### [WORK ITEM]
Return the line that has "Host Trevor Noah" and all lines below it through the last, exactly as they stand; omit pictures.

### [DATA PROVIDED]
......
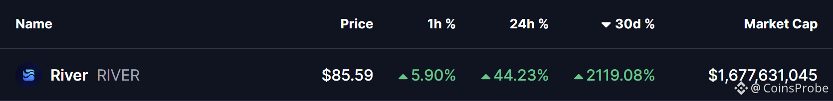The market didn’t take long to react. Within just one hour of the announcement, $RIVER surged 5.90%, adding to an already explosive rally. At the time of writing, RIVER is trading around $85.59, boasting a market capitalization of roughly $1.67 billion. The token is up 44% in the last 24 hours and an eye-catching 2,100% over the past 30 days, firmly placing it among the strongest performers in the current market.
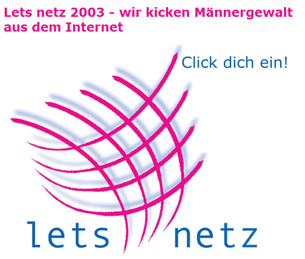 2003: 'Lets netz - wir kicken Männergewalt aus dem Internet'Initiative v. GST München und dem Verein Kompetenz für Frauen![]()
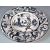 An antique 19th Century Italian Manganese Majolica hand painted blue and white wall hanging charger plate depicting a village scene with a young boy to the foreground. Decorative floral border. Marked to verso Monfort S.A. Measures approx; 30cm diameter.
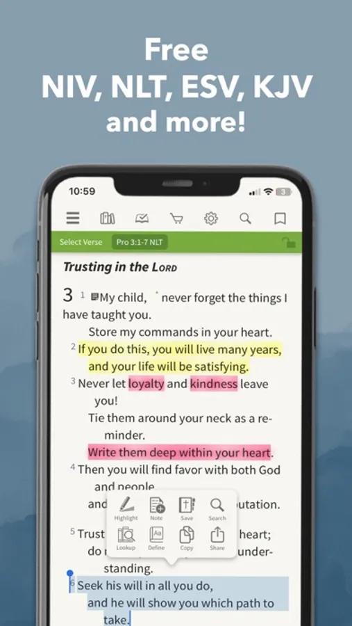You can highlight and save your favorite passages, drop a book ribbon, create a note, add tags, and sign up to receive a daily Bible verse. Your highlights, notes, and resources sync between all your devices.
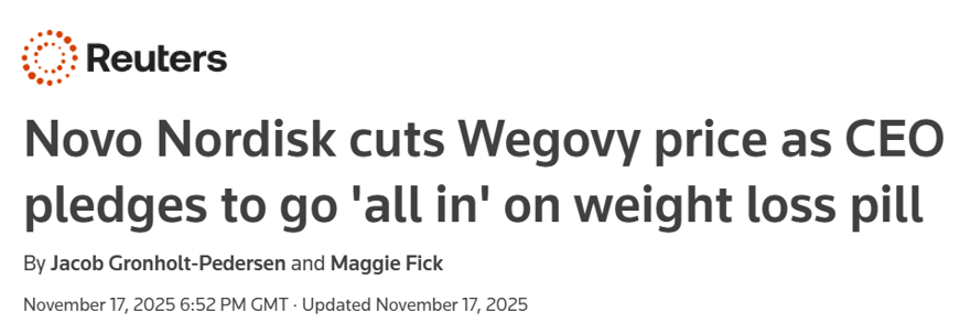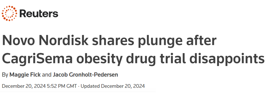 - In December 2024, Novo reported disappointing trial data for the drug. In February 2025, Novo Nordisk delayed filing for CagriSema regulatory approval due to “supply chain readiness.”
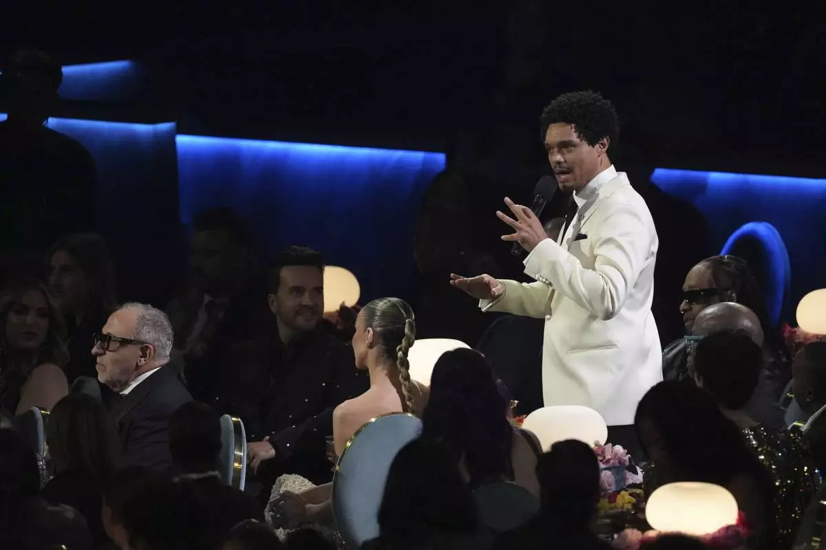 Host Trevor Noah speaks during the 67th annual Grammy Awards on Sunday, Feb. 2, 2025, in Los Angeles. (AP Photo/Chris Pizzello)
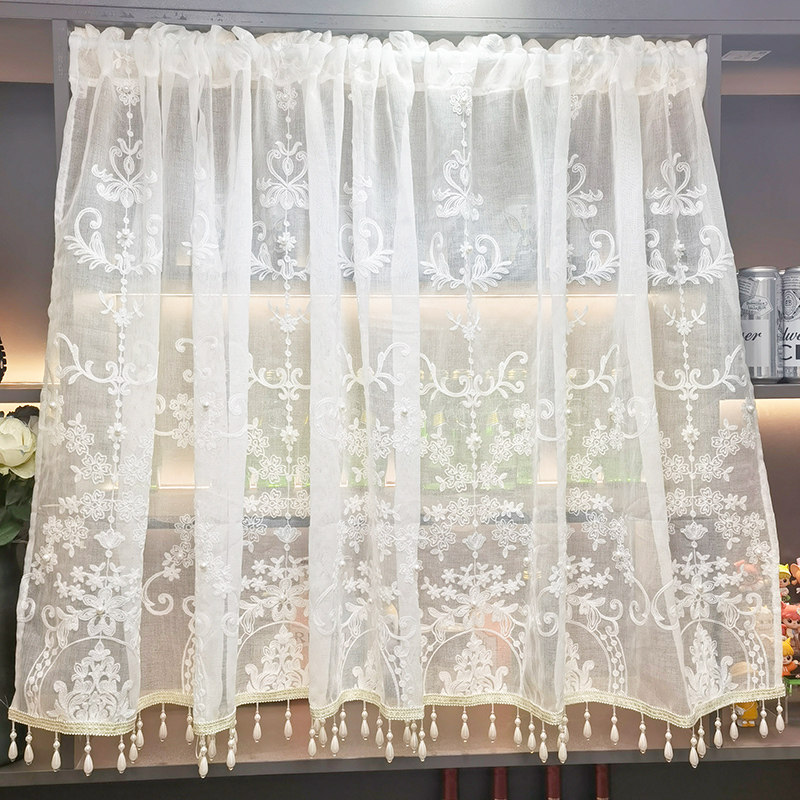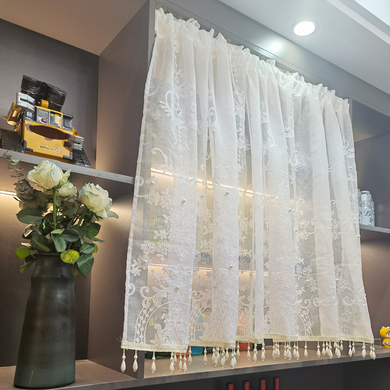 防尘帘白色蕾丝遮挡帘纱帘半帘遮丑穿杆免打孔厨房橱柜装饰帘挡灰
......
### [ANSWER FOR THE TASK]
 Host Trevor Noah speaks during the 67th annual Grammy Awards on Sunday, Feb. 2, 2025, in Los Angeles. (AP Photo/Chris Pizzello)
 防尘帘白色蕾丝遮挡帘纱帘半帘遮丑穿杆免打孔厨房橱柜装饰帘挡灰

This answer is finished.